(Records from a data collection)
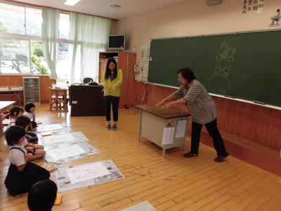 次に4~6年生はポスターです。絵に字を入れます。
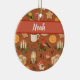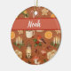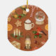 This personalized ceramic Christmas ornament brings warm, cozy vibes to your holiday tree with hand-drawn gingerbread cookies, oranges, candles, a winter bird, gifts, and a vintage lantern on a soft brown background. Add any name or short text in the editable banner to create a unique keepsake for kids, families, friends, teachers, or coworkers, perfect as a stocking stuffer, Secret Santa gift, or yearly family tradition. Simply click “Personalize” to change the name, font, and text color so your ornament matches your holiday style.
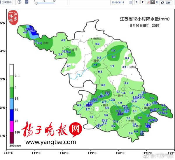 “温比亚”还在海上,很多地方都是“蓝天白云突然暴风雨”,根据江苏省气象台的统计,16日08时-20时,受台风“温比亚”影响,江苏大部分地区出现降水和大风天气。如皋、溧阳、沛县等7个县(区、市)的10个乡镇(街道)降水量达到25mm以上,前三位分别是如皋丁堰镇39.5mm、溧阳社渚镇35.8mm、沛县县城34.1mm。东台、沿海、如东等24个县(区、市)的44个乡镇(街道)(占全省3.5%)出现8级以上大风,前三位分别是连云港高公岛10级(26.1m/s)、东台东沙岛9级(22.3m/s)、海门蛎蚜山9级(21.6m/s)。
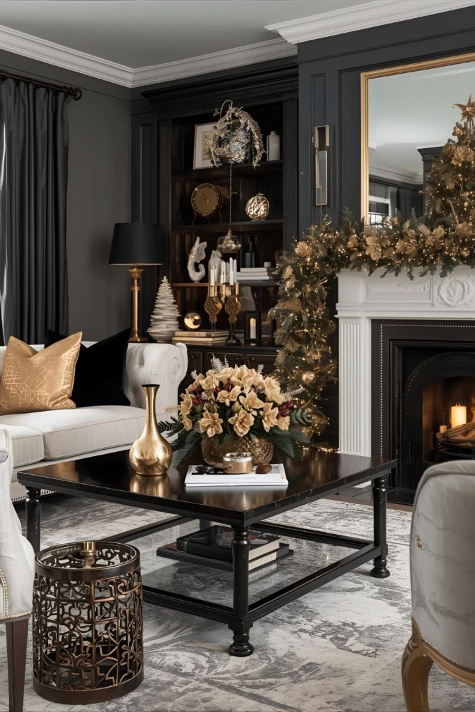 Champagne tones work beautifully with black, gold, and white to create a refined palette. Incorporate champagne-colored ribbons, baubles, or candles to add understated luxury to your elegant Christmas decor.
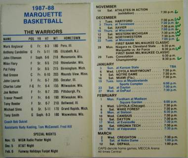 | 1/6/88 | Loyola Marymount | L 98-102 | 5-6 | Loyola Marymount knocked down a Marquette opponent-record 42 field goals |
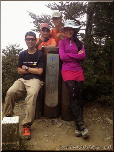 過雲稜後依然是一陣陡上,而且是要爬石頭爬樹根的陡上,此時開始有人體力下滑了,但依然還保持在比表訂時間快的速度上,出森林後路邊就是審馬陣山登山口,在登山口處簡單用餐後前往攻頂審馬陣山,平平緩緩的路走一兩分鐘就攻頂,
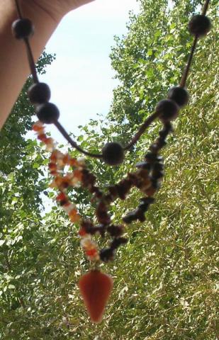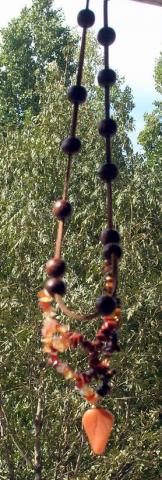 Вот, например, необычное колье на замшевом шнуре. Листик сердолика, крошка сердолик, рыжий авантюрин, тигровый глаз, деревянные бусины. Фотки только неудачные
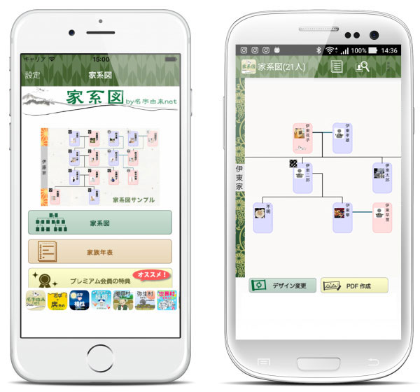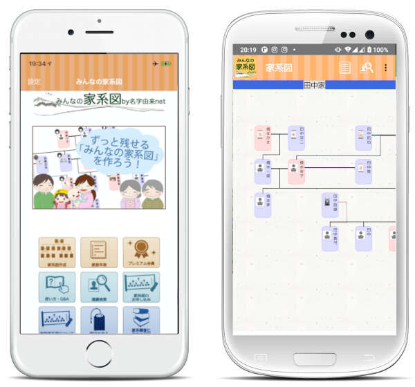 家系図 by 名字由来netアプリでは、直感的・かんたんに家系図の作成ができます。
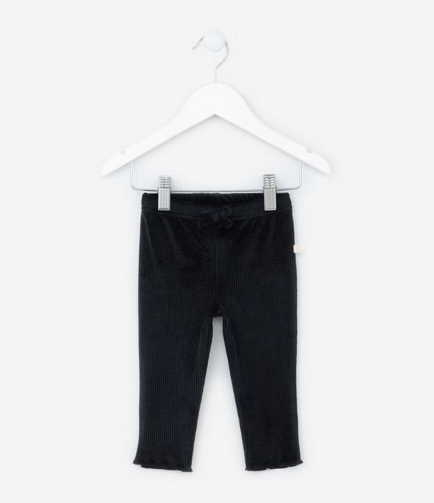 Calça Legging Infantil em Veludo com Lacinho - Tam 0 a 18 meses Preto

__INSTRUCTIONS TO FOLLOW__: What the answer must hold is the exact text of every line from the one containing "Вот, например, необычное" through the end of the data, minus any pictures.

__EXERCISE SOLUTION__:
 Вот, например, необычное колье на замшевом шнуре. Листик сердолика, крошка сердолик, рыжий авантюрин, тигровый глаз, деревянные бусины. Фотки только неудачные
 家系図 by 名字由来netアプリでは、直感的・かんたんに家系図の作成ができます。
 Calça Legging Infantil em Veludo com Lacinho - Tam 0 a 18 meses Preto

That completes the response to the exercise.